When Miriam plaintively says “we just want peace,” Antoine counters by insisting “I won’t abandon my son.” No wonder the judge fixes both husband and wife with a gimlet eye and says the question facing her is “which of you is the biggest liar.”
It is one of the triumphs of “Custody,” however, to devastatingly demonstrate that even the people whose actions prove to be horrific and indefensible never actually feel they’re lying.
Far from doing anything wrong, they’re convinced they’re acting out of the rational belief of themselves as the injured party standing up for incontrovertible rights.
As part of this, because family is such a crucial aspect of French life, we get to spend time with both sets of grandparents and see how their passed-down behaviors have factored into what their children are going through.

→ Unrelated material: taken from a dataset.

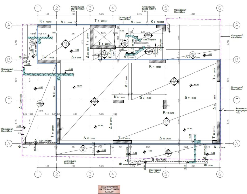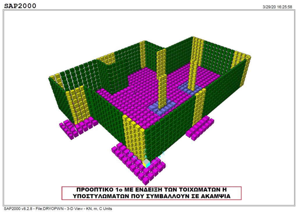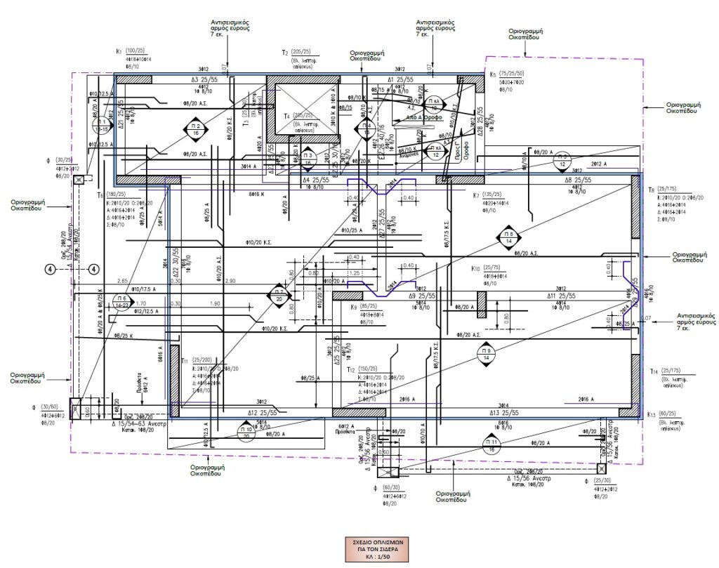 Η μελέτη αφορά την ανέγερση του Φέροντος Οργανισμού από οπλισμένο σκυρόδεμα νέας τριόροφης πολυκατοικίας με πυλωτή και υπόγειο, στα Ανω Πετράλωνα Αττικής. Η θεμελίωση του κτιρίου γίνεται με πλάκα γενικής κοιτόστρωσης.
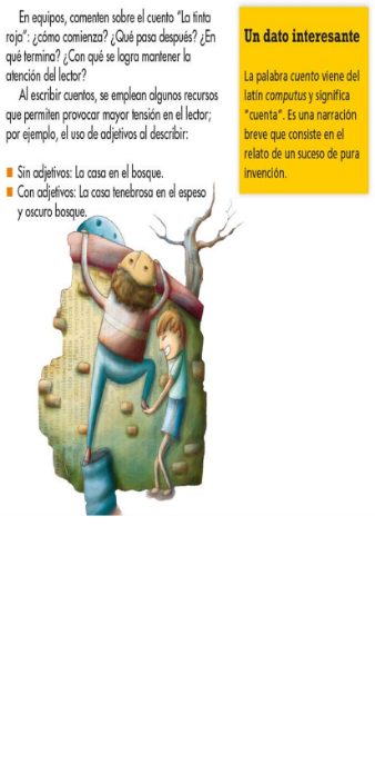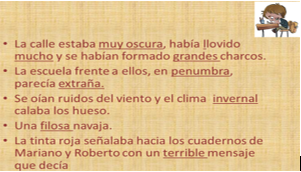 Ahora, observa unos ejemplos tomados del cuento “Tinta roja”.

Caught in the middle, of course, are the children.
Josephine, as it turns out, has no trouble creating her own kind of problems relating to her passion for fellow music conservancy student Samuel (Mathieu Saïkaly).
The child who has it worst is Julien, the object of his father’s quest for connection and too young to really defend himself against a mendacious parent.
Gioria, making his feature film debut, is exceptional as Julien, conveying terror and helplessness in the most convincing way from start to finish.
The trio of actors playing the other key family members are also strong and have had the advantage of originating their roles in director Legrand’s previous Oscar nominated short “Just Before Losing Everything.”
Drucker, who is perhaps best known in this country for her role in the French TV series “The Bureau,” captures both Miriam’s fragility and her strength. The plausibility of Menochet’s remarkable range, from total fury to abject tears, is essential for “Custody’s” success.
Director Legrand, who as a child actor starred in Louis Malle’s “Au Revoir les Enfants,” proves a master here of serious, uncompromising drama. His film crackles with low key but intense emotional involvement.
“Custody” can be difficult, even wrenching to watch, but it always plays fair with the audience, and the experience, worth every minute expended, is impossible to forget.